Start of DATA FOR THIS EXERCISE
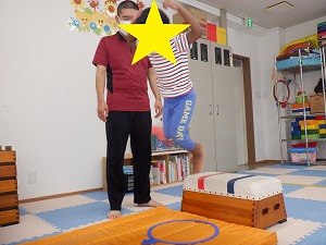 フープめがけてジャンプでは、跳び箱から両足で大ジャンプに成功です(*^^*)
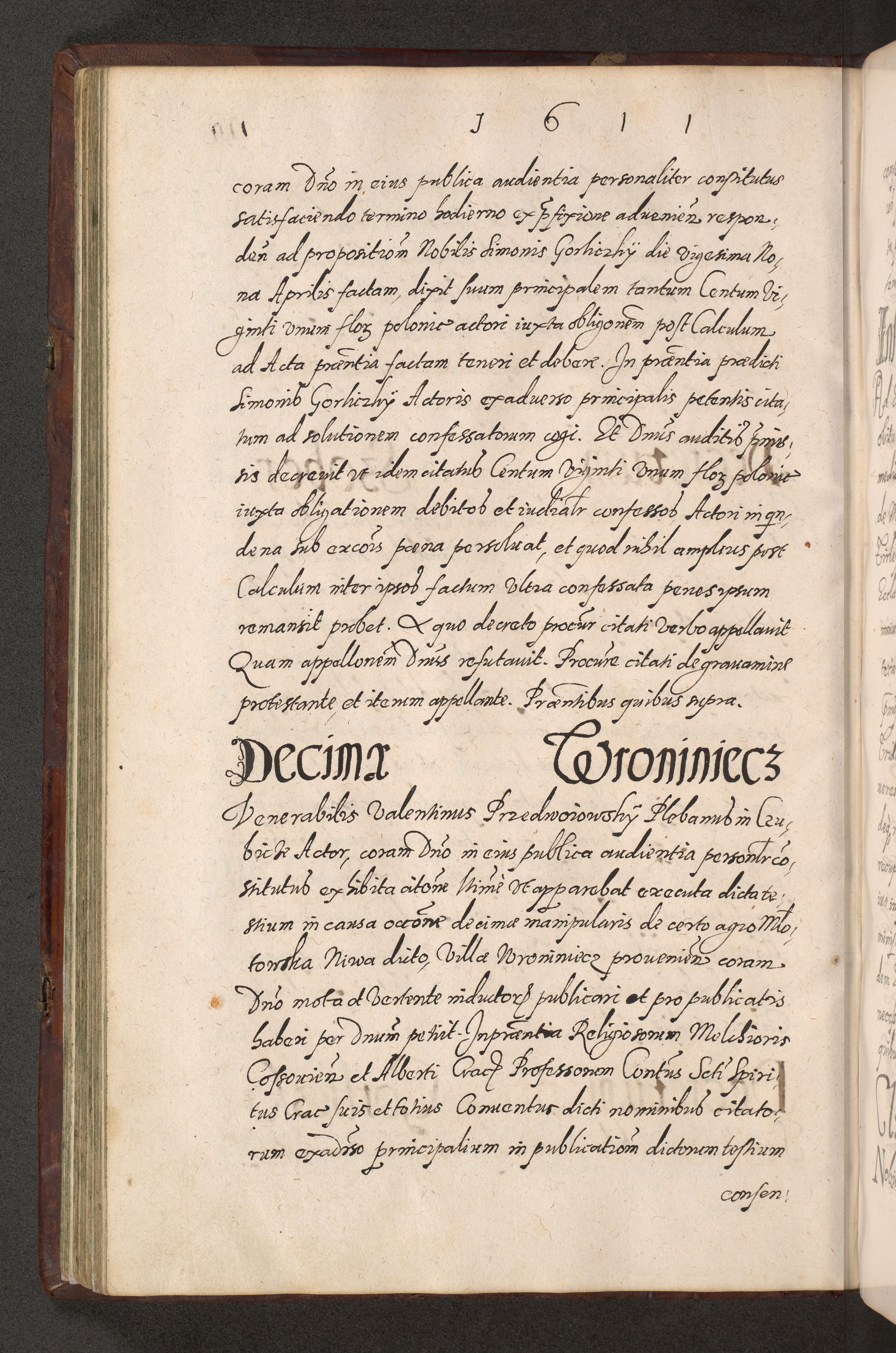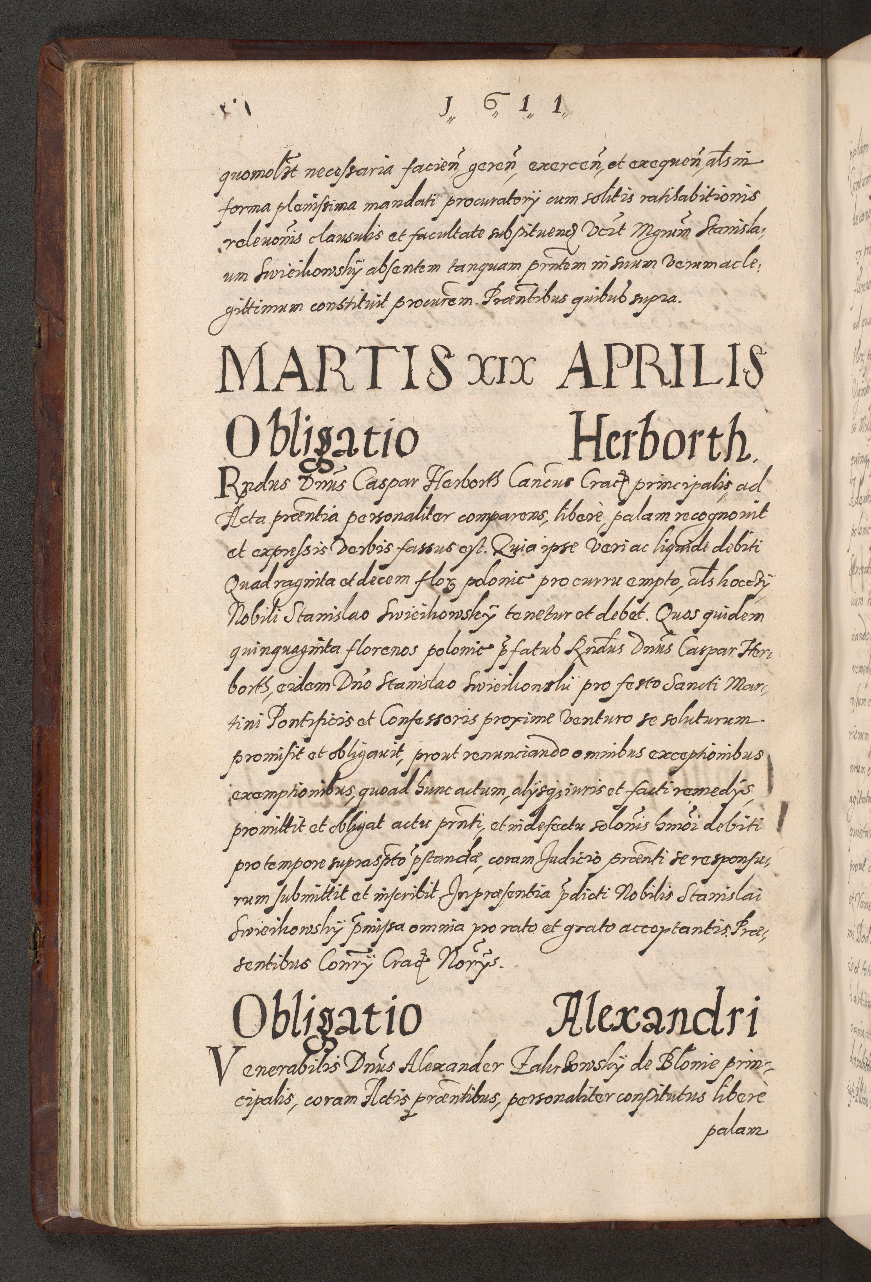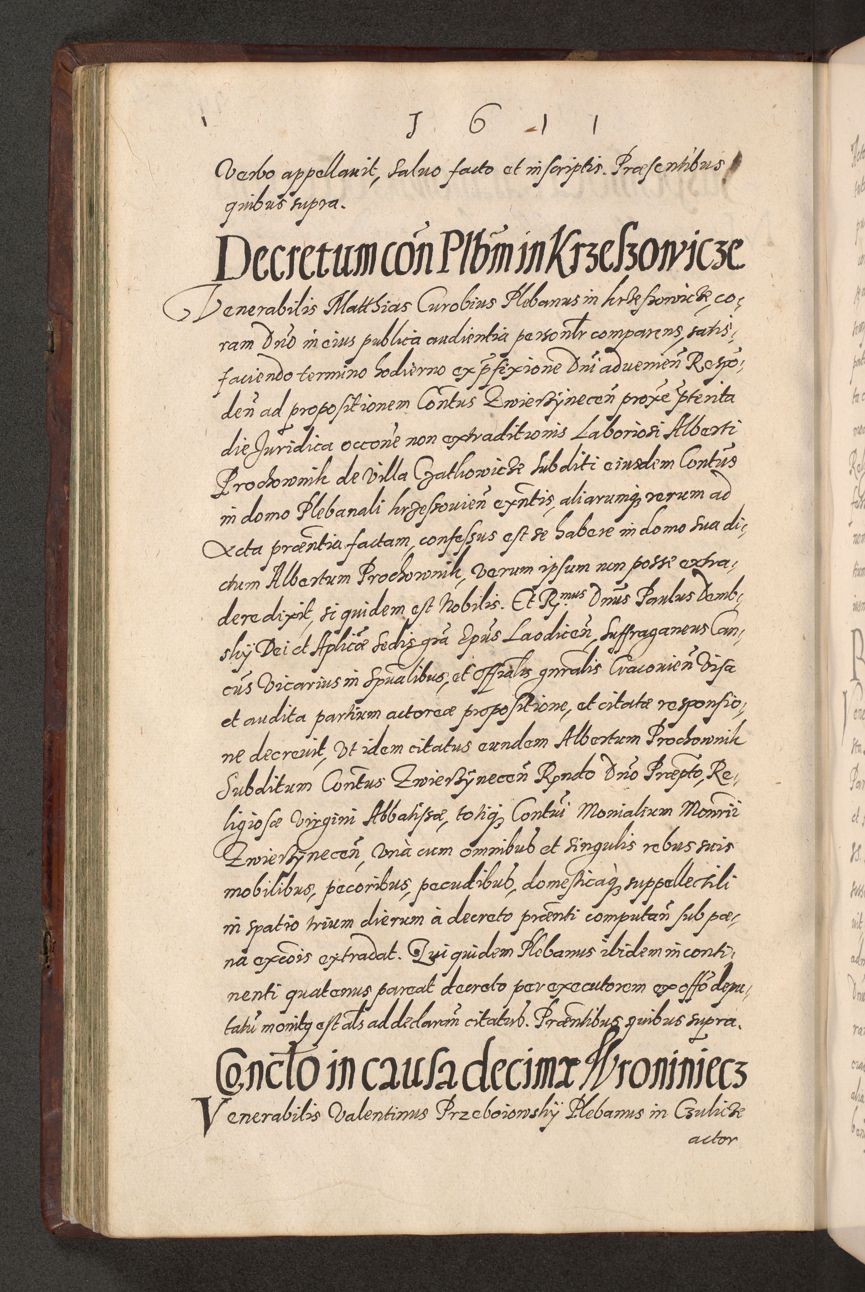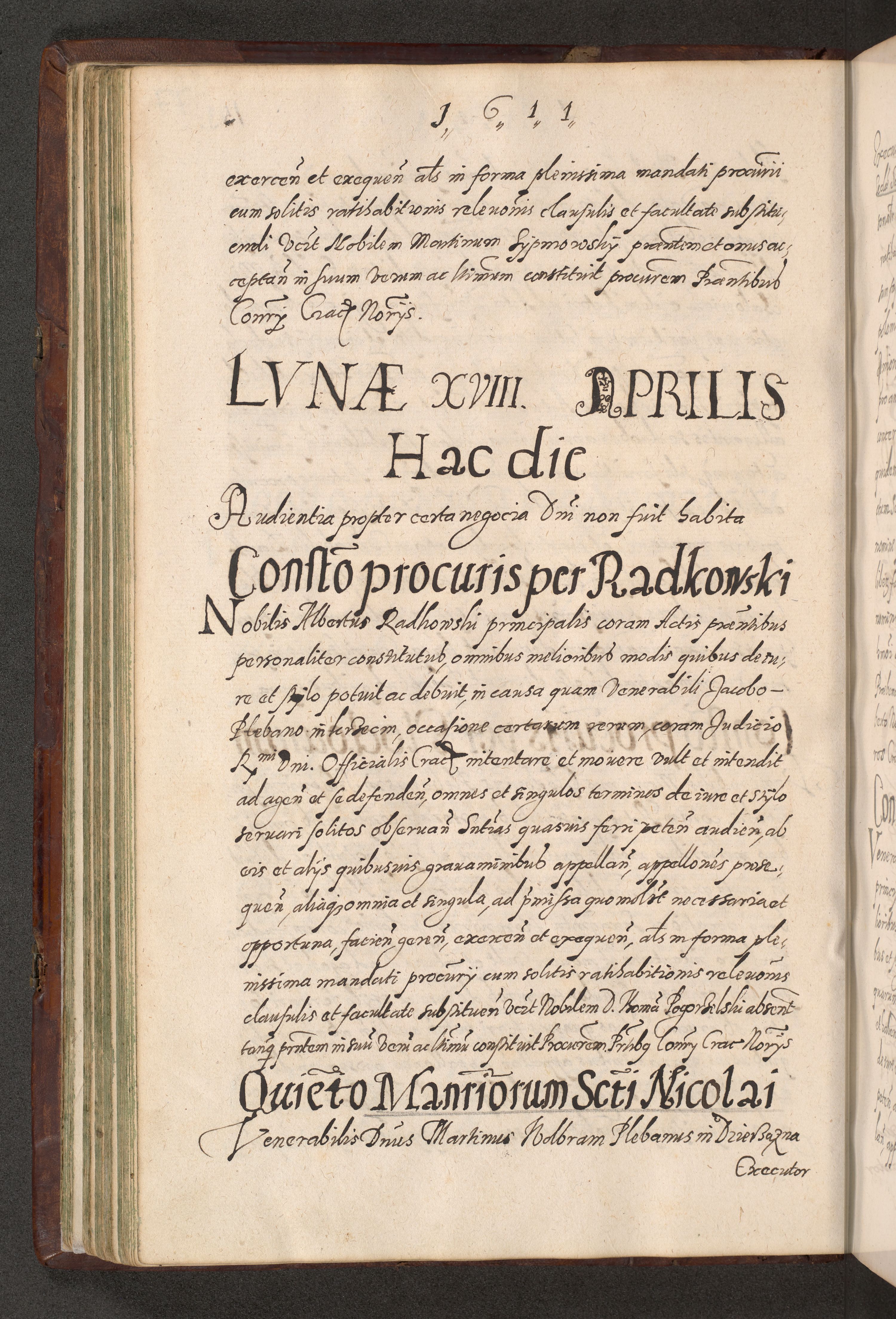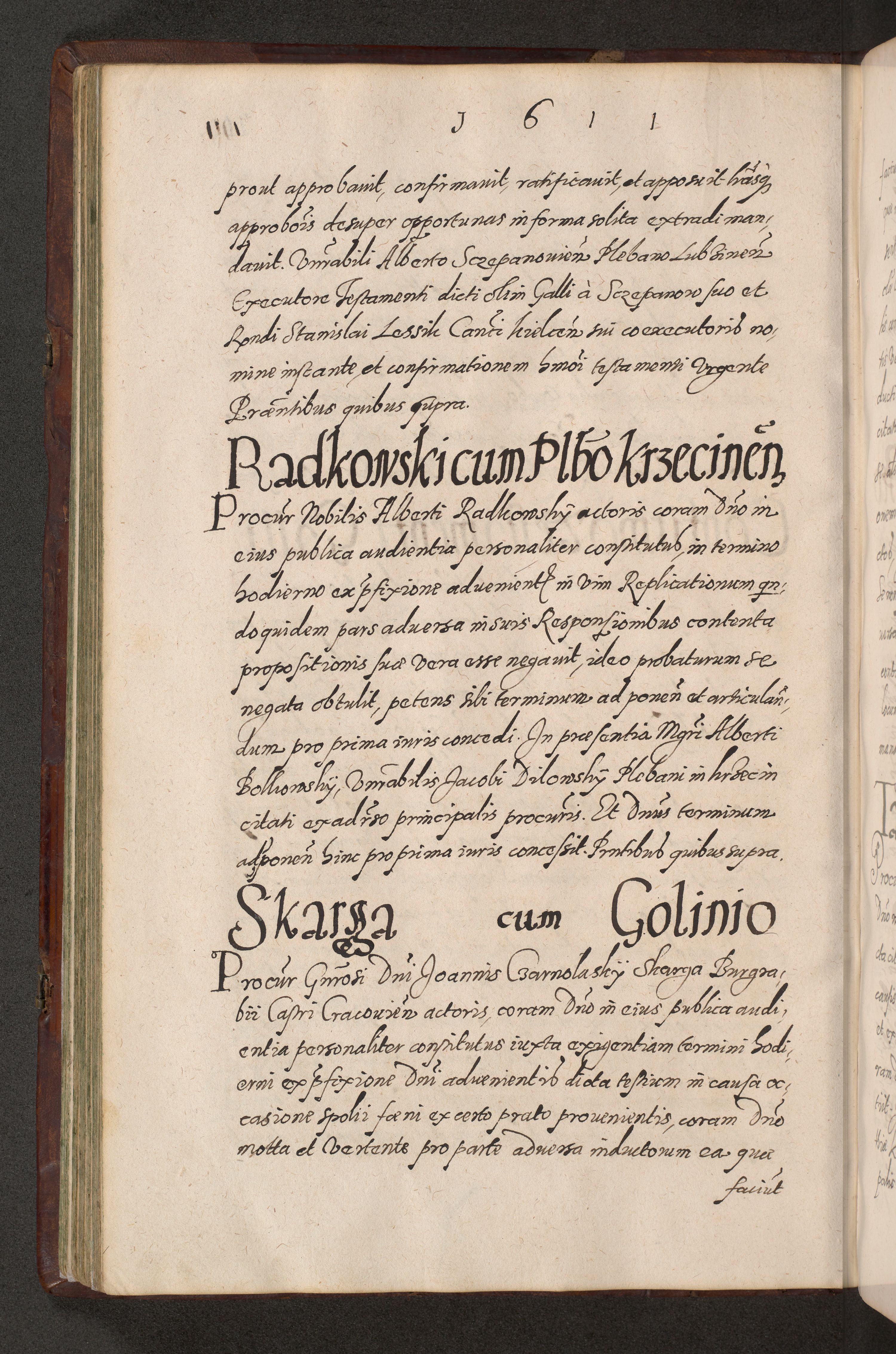 Acta actorum causarum sententiarum tam diffinitiuarum quam interloquutorisrum decretorum obligationum quietationum procuratorum constitutionum etc. etc. coram Reverendo Domino Paulo Dembski Dei et Apostolice Sedis Gratia Episcopalo Dicensis Suffraganeo Canonico Vicario in Spiritualibus et Officiali Generali Cracoviensis ad Annum Domini Millesimum Sexcentesimum Undecimum cuius indictio octava pontificatus Sanctissimi Domini Nostri Domini Pauli Divina Providentia Papae Vti foeliciter continuantur
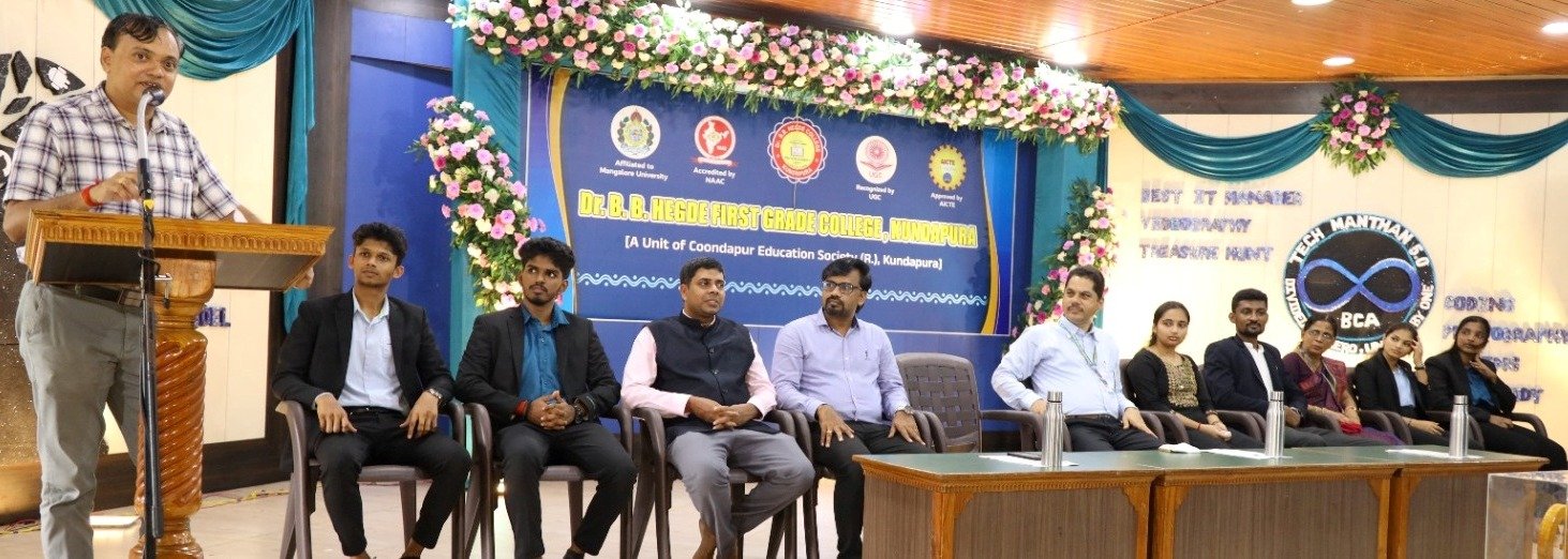 ಕುಂದಾಪುರ: ಡಾ| ಬಿ.ಬಿ. ಹೆಗ್ಡೆ ಪ್ರಥಮ ದರ್ಜೆ ಕಾಲೇಜಿನ ಗಣಕ ವಿಜ್ಞಾನ ವಿಭಾಗದ ಆಶ್ರಯದಲ್ಲಿ ಆಗಸ್ಟ್ ೩೦ರಂದು ಕಾಲೇಜಿನ ಮೂಕಾಂಬಿಕಾ ಸಭಾಂಗಣದಲ್ಲಿ ನಡೆದ ಅಂತರ್ ತರಗತಿ ಐಟಿ ಫೆಸ್ಟ್ “ಟೆಕ್ ಮಂಥನ್ 5.0” ಕಾರ್ಯಕ್ರಮದ ಸಮಾರೋಪ ಸಮಾರಂಭದಲ್ಲಿ ವಿವಿಧ ಸ್ಪರ್ಧೆಗಳ ವಿಜೇತರನ್ನು ಪುರಸ್ಕರಿಸಲಾಯಿತು.
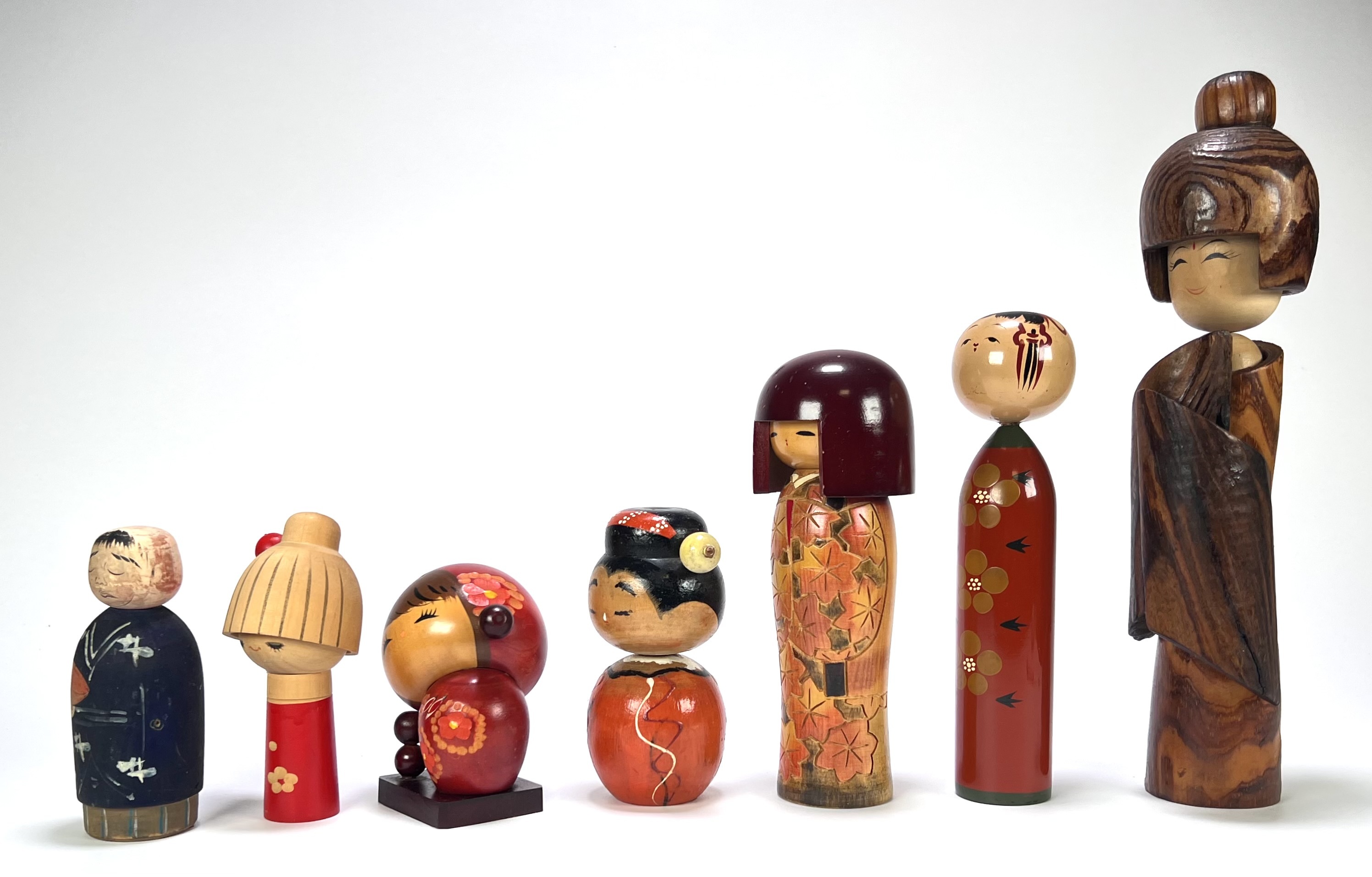Set van zeven Japanse kokeshi-poppen, uitgevoerd in hout en beschilderd met kimono- en bloemmotieven. De variatie in grootte en vorm weerspiegelt zowel klassieke als modernere interpretaties binnen de Japanse volkskunst. Datering omstreeks midden 20e eeuw. Kom langs tijdens de kijkdagen (29 t/m 31 augustus) en ontdek deze poppen zelf! |
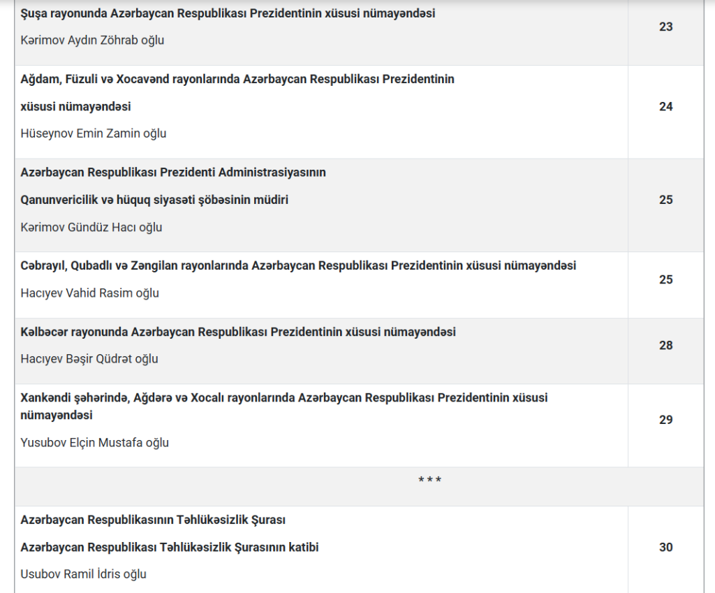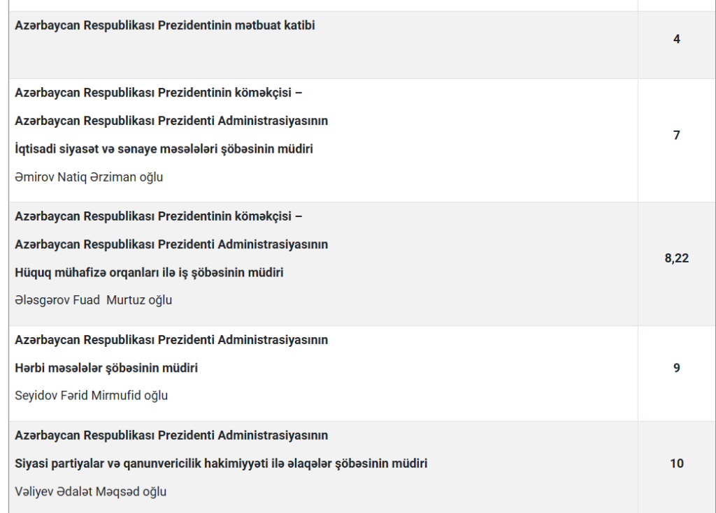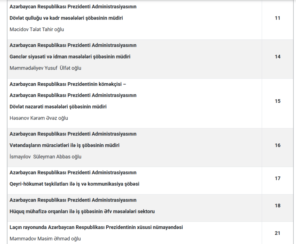 Bakuplus.az cədvəli təqdim edir:
End of DATA FOR THIS EXERCISE
• PROBLEM TO SOLVE
Please set down each line of the listing above word for word, skipping any pictures.

• RESULT
 フープめがけてジャンプでは、跳び箱から両足で大ジャンプに成功です(*^^*)
 Acta actorum causarum sententiarum tam diffinitiuarum quam interloquutorisrum decretorum obligationum quietationum procuratorum constitutionum etc. etc. coram Reverendo Domino Paulo Dembski Dei et Apostolice Sedis Gratia Episcopalo Dicensis Suffraganeo Canonico Vicario in Spiritualibus et Officiali Generali Cracoviensis ad Annum Domini Millesimum Sexcentesimum Undecimum cuius indictio octava pontificatus Sanctissimi Domini Nostri Domini Pauli Divina Providentia Papae Vti foeliciter continuantur
 ಕುಂದಾಪುರ: ಡಾ| ಬಿ.ಬಿ. ಹೆಗ್ಡೆ ಪ್ರಥಮ ದರ್ಜೆ ಕಾಲೇಜಿನ ಗಣಕ ವಿಜ್ಞಾನ ವಿಭಾಗದ ಆಶ್ರಯದಲ್ಲಿ ಆಗಸ್ಟ್ ೩೦ರಂದು ಕಾಲೇಜಿನ ಮೂಕಾಂಬಿಕಾ ಸಭಾಂಗಣದಲ್ಲಿ ನಡೆದ ಅಂತರ್ ತರಗತಿ ಐಟಿ ಫೆಸ್ಟ್ “ಟೆಕ್ ಮಂಥನ್ 5.0” ಕಾರ್ಯಕ್ರಮದ ಸಮಾರೋಪ ಸಮಾರಂಭದಲ್ಲಿ ವಿವಿಧ ಸ್ಪರ್ಧೆಗಳ ವಿಜೇತರನ್ನು ಪುರಸ್ಕರಿಸಲಾಯಿತು.
Set van zeven Japanse kokeshi-poppen, uitgevoerd in hout en beschilderd met kimono- en bloemmotieven. De variatie in grootte en vorm weerspiegelt zowel klassieke als modernere interpretaties binnen de Japanse volkskunst. Datering omstreeks midden 20e eeuw. Kom langs tijdens de kijkdagen (29 t/m 31 augustus) en ontdek deze poppen zelf! |
 Bakuplus.az cədvəli təqdim edir:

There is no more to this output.